As with many things that would go on to become extremely popular, some stuffed suit authority figures scoffed when given the chance to help bring it to the public.  Sugarloaf peddled its debut album, upon which “Green Eyed Lady” was a late addition, to a number of record companies… including CBS.  CBS must have left a really bad impression on Sugarloaf’s lead singer Jerry Corbetta, because five years later (by which time, he pretty much WAS the band), he wrote the song that would become Sugarloaf’s second big hit…. and of course, the one that everyone forgot about.
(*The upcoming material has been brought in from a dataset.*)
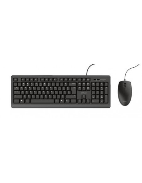O conjunto Trust Primo inclui um teclado e rato silenciosos, ideais para trabalho. O teclado é de tamanho completo com teclas de perfil baixo, resistentes a derramamentos de líquidos e com altura ajustável. O rato é ambidestro e confortável. Conexão USB simples e imediata. Ideal para quem procura um conjunto básico e funcional para o dia-a-dia.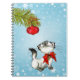 Un carnet drôle et mignon avec un thème de noël. Un chat siamois blanc espiègle et ludique. Elle regarde une décoration d'arbre de noël accrochée à une branche de pin qui se demande si elle devrait être coquine et jouer avec ou non. Placez-vous sur un arrière - plan bleu avec des flocons de neige blancs.

“Don’t Call Us, We’ll Call You” made it to #9 in 1975, and pokes fun at CBS Records for constantly spurning the band’s requests to distribute their debut album.  The punch line, of course, comes in the last verse when the band is now famous thanks to a green eyed lady, and they give CBS the same treatment the label gave them when Sugarloaf was still nobodies.  The number that you can hear dialed during the song is actually one of CBS’s unlisted numbers!

Hello, CBS? Hey, do you have Prince Albert in a can?

As much as I adore “Green Eyed Lady,” this song is too fun not to be a favorite of mine!  I’ll be sure to call you back next Monday with another great lost hit…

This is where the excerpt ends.